• _Action item_
Below are some records. Return exactly the lines from the one containing "Portahuevos de Madera, perfecto" through the one containing "Величезна територія, басейн, таверна, бар, прямий", both included, and only those.

• _Records for processing_
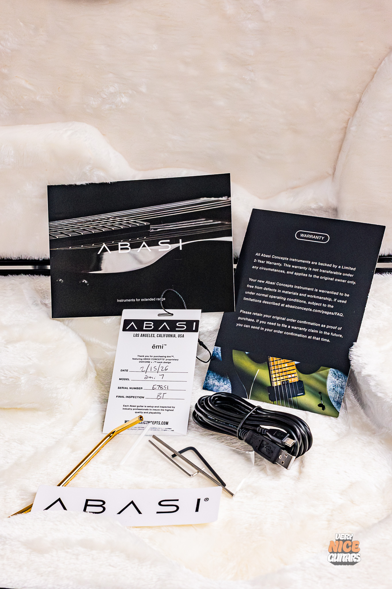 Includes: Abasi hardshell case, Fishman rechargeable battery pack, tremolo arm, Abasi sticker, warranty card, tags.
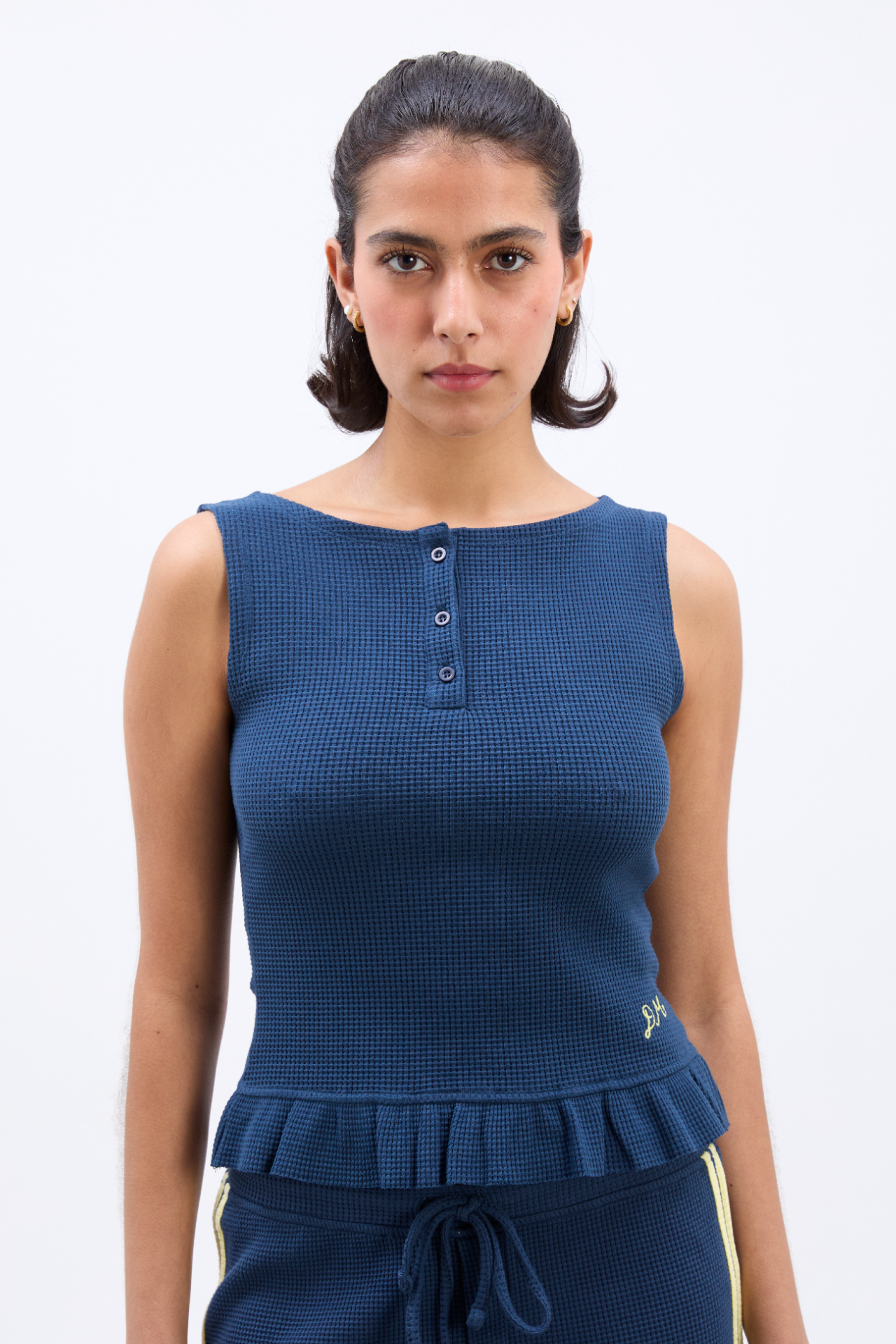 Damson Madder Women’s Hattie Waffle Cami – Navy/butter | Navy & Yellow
* * *
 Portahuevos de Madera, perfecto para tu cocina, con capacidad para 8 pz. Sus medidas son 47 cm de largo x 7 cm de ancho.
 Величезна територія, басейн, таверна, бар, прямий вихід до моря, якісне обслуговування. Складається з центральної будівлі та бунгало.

• _Exercise result_
 Portahuevos de Madera, perfecto para tu cocina, con capacidad para 8 pz. Sus medidas son 47 cm de largo x 7 cm de ancho.
 Величезна територія, басейн, таверна, бар, прямий вихід до моря, якісне обслуговування. Складається з центральної будівлі та бунгало.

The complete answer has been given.